В небе над Яузой яичным желтком разливалась утренняя заря. Гончарная слобода на Вшивой горке1 еще спала. Ворота купеческих владений на прочных засовах. Улицы и проулки пустынны. Дурманно пахло черемухой, расцветавшей за деревянными заборами. В садах на яблонях вздулись, набухли мокрые от росы бутоны, вот-вот распустятся. Была весна. Месяц май. Над Москвой-рекой с ее песчаными берегами, у подножия холма, поднимался легкий пар.

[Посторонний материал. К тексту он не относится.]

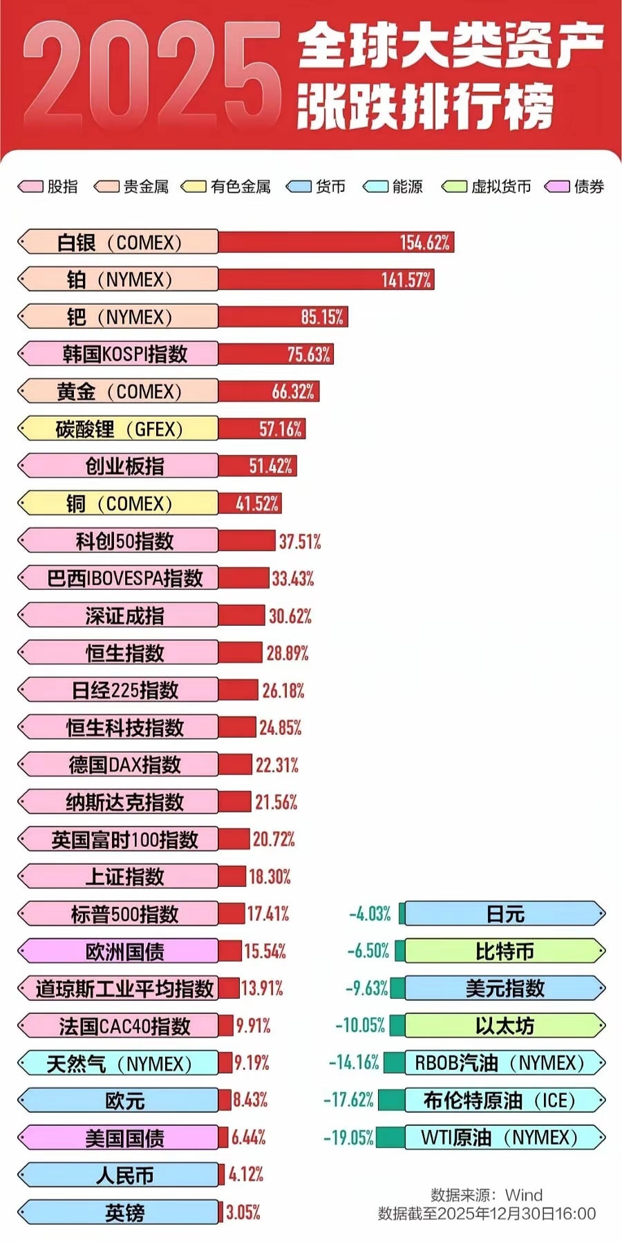 从这张图,你能看到2026年的投资机会在哪里吗?如题,2025年大类资产涨幅榜,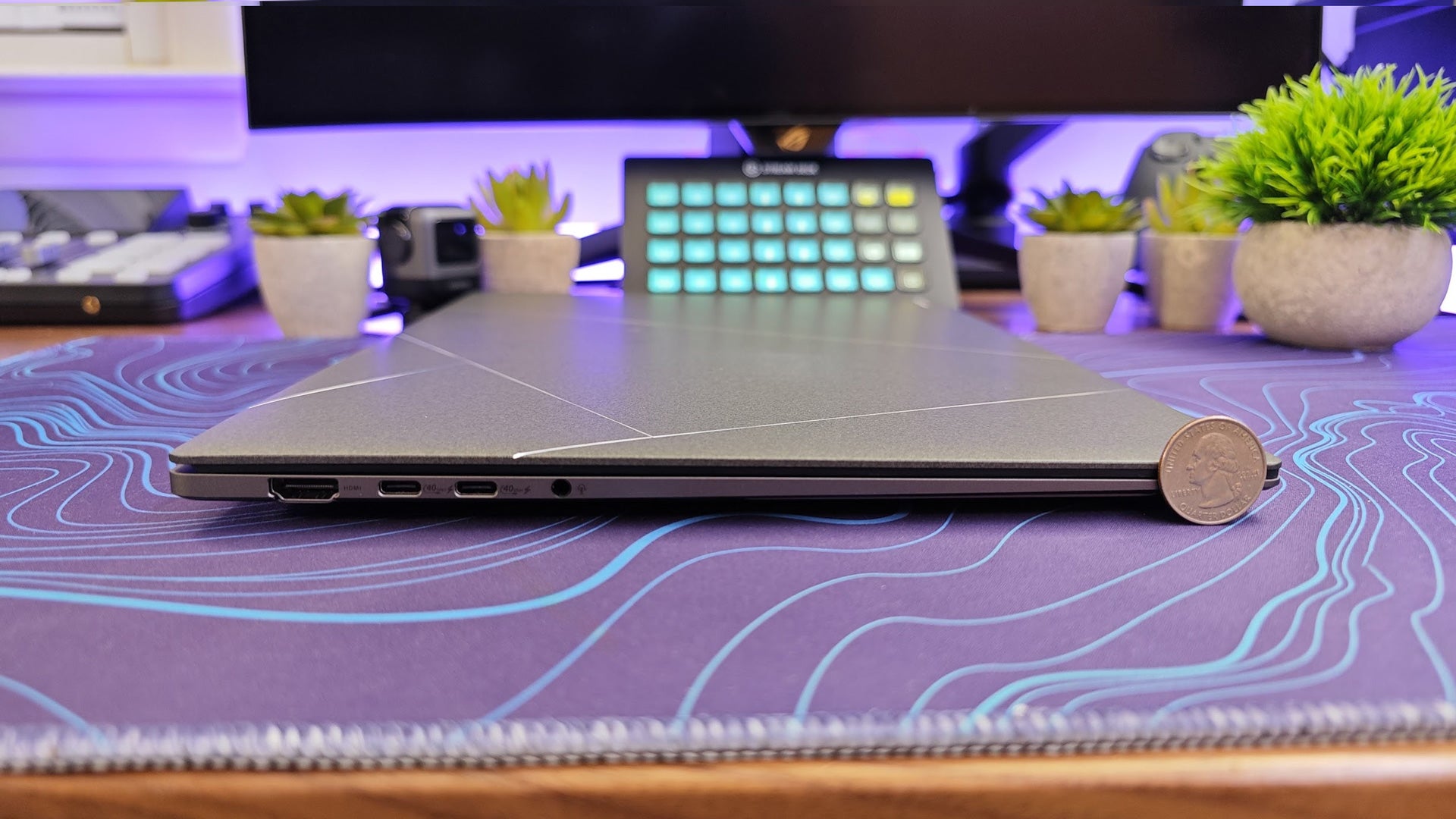 With such an airy, slim design, it’s exceptionally portable. I’ve loved carrying it through the day. As thin as it is, I had no trouble fitting it into my bag, whether I was carrying a backpack or a messenger bag, I never once felt weighed down. My last laptop, the Asus Zenbook 14 OLED, was even lighter by about a pound, but I could barely tell the difference once it was in my bag. The screen size and larger keyboard are definitely worth the trade-off.

Всходило красное солнце. Все еще кричали в слободе петухи. Скрипели калитки, громыхали ведра. Дворники подметали улицу перед хозяйскими подворьями. Будочник, в сером суконном мундире, в кивере, прислонив к полосатой будке свою алебарду, засунул в обе ноздри по щепотке нюхательного табака и громко чихнул. Нищие, неизвестно откуда взявшиеся, брели к своим церковным папертям. Слышался колокольный звон. Звонили к заутрене с церквей Николы в Болвановке, Успения и Никиты-мученика на Вшивой горке, с огромной колокольни церкви Троицы в Серебрянической слободе, расположенной на правом, пологом берегу Яузы.

В доме с мезонином купца Пылаева, в душных комнатушках, где проживал со своим малым семейством Кондратий Артемьев Соврасов,2 торговавший глазетом, шпуром и кистями, не было привычного покоя.

В этот весенний день в Гончарной слободе, в приходе великомученика Никиты, у подножия Вшивой горки, вблизи Таганки, у мещанина Соврасова родился мальчик, которого вскоре нарекли Алексеем, и под таким именем он был занесен в метрическую книгу церквей Ивановского сорока за 1830 год.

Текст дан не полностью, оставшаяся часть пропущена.